Tak, są naprawdę wyjątkowe. W sumieosoba niepełnosprawna bez nóg mogłaby zrobić rękami to, co zwykle należy zrobić stopami. Samochód oprócz zwykłych dźwigni miał:

  • hamulec;
  • rewers;
  • kickstarter;
  • sprzęgło;
  • gaz.

Jednak jazda na nim nie była zbyt wygodna. A jednak SMZ S-3D był przeznaczony tylko dla osób niepełnosprawnych.

Dlaczego wózek zmotoryzowany?

Projektanci i inżynierowie Fabryki Samochodów Sierpuchowa w okresie Związku Socjalistycznych Republik Radzieckich zawsze byli chętni do stworzenia własnego prostego, bezawaryjnego i niezawodnego samochodu dla mieszkańców miast i wsi. Jednak państwo przeznaczyło pieniądze na budowę samochodów dla niepełnosprawnych i osób niepełnosprawnych, więc zrobili to na bazie wagonu motorowego. „Invalids” miały być produkowane pod marką GAZ, ale w zakładzie nie było miejsca na produkcję tego samochodu, więc postanowiono zrobić to inaczej. W Serpukhov technologia i produkcja były znacznie mniej rozwinięte, ale najważniejsze było pragnienie.
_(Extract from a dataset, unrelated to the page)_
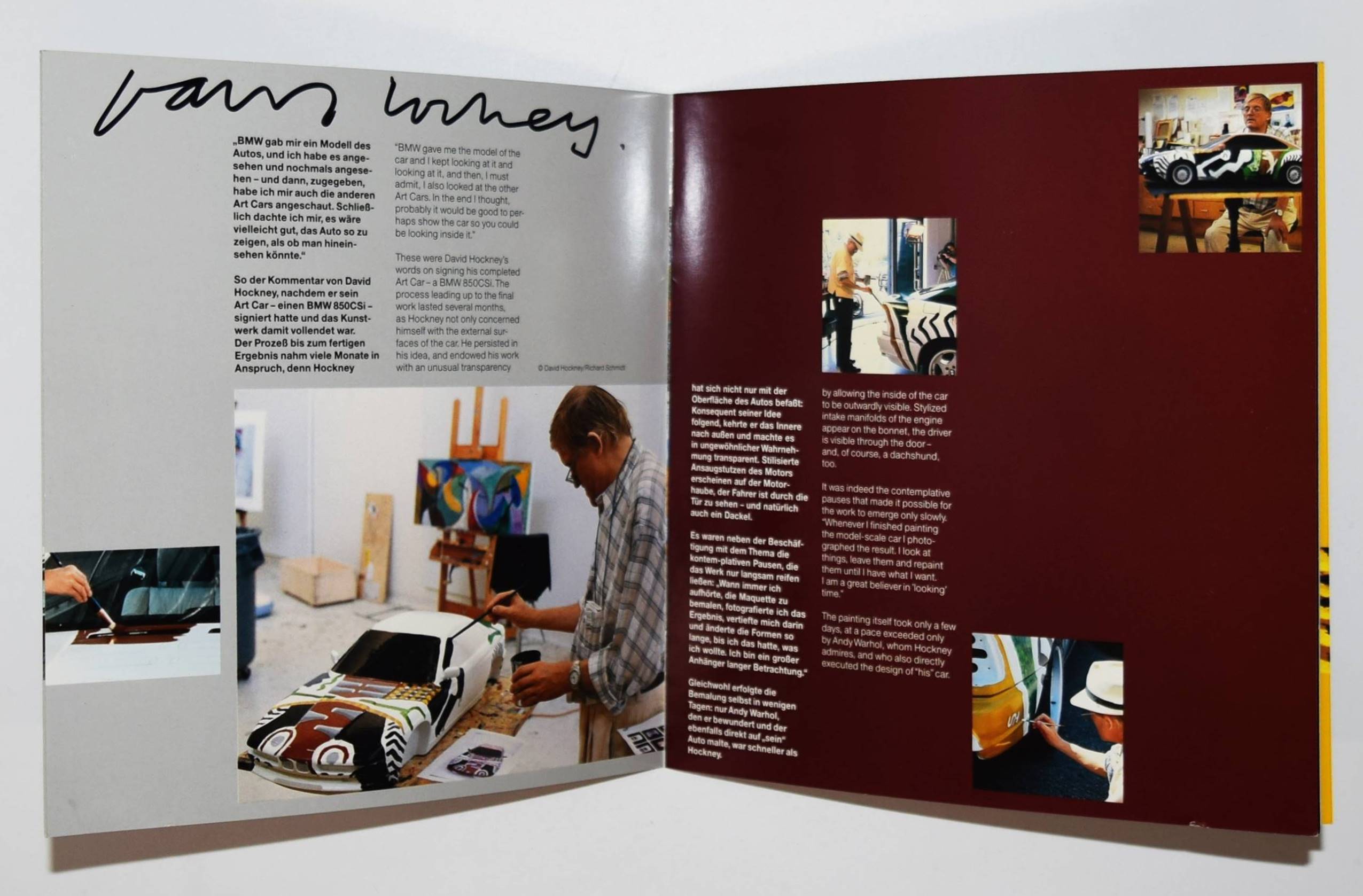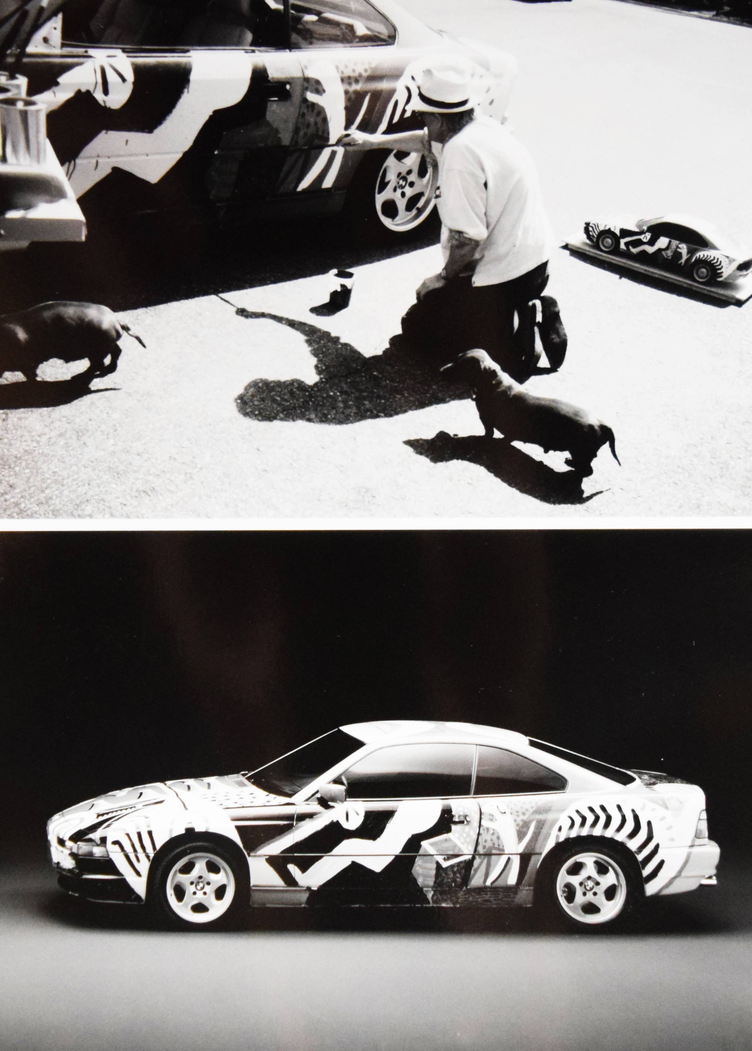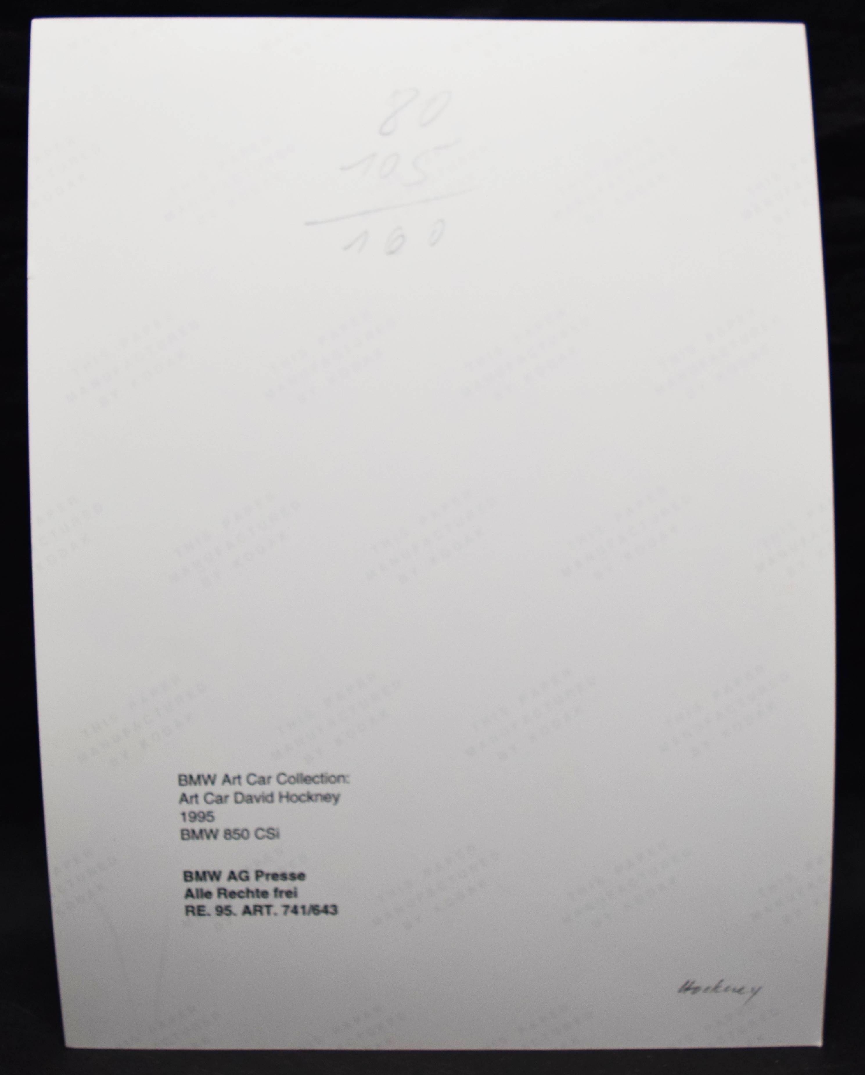 Hockney, David (geb. 1937, britischer Maler, Grafiker, Bühnenbildner und Fotograf). 2 Orig.-Farbphotographien und 1 Schwarzweißphotographie auf Kodak-Papier. Los Angeles, BMW AG 1995. Jeweils ca. 24 x 18 cm. Pressefotos anlässlich der Auftragsarbeit eines BMW 850 CSi, BMW Art Car 1995. Die beiden Farbfotos mit Porträts des Künstlers; der Schwarzweissabzug zeigt den Künstler beim Bemalen des Autos und das bemalte Fahrzeug. Die 1975 auf Anregung des Rennfahrers Hervé Poulain entstandene „Kunstsammlung“ der BMW Art Cars umfasst Auto-Kunstwerke von A. Calder, R. Liechtenstein, F. Stella, E. Fuchs, A. R. Penck u. a. – Hockneys „Palette reicht bis zu Bühnenbildern, Autolackierungen und Kunstwerken mit Fax- oder Multimedia-Medien. Alleine diese Vielfalt der Medien lässt eine Begeisterung Hockneys für Technologie erkennen“ (Wikipedia). – „Das Automobil sei schöner als die Nike von Samothrake, behaupteten die italienischen Futuristen am Anfang dieses Jahrhunderts. Jetzt, fast neunzig Jahre später, steht diese Behauptung einmal mehr auf dem Prüfstand. Ist das industriell gefertigte Auto an sich schon ein Kunstwerk, oder läßt erst der Eingriff des Künstlers, wie David Hockney, die Industrieform zum Kunstwerk werden?“ (U. Luckhardt in der beil. Presse-Mittelung).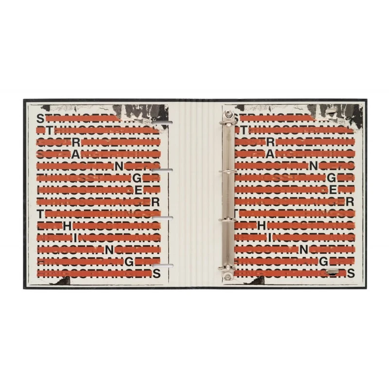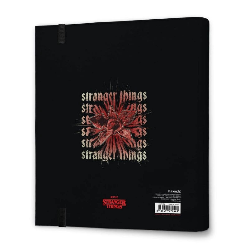 Esta carpeta escolar de Stranger Things está elaborada en tapa dura de cartón de 2 mm de grosor forrada con papel mate de 150 g/m2. Tiene un tamaño de 32 centímetros de alto por 28 de ancho.

W trosce o sprawiedliwość warto wspomnieć, że części tego auta cieszyły się popytem na ówczesnym rynku motoryzacyjnym, ponieważ były bardzo trwałe. Generalnie był to całkowity przełom w dziedzinie niezawodności samochodów.

Razem ze światem

Specjalnie dla "niepełnosprawnego" samochodu w ZSRR, na początku projektu nie wymyślili nic nowego, ale wzięli stary i trochę go ulepszyli. Silnik, jak wspomniano powyżej, pochodził z motocykla IZH-Planet. Zawieszenie było niezależne, hamulce hydrauliczne. Zawieszenie zostało „usunięte” z Volkswagena Beetle.

Sprawność silnika została obniżona. Położyli na nim chłodzenie, którego początkowo nie było. Dodano również rozrusznik i alternator. Powiększono zbiornik paliwa. Tak więc przy pomocy różnych modyfikacji i ulepszeń ze starego śmietnika wyszło bardzo dobre narzędzie samochodowe.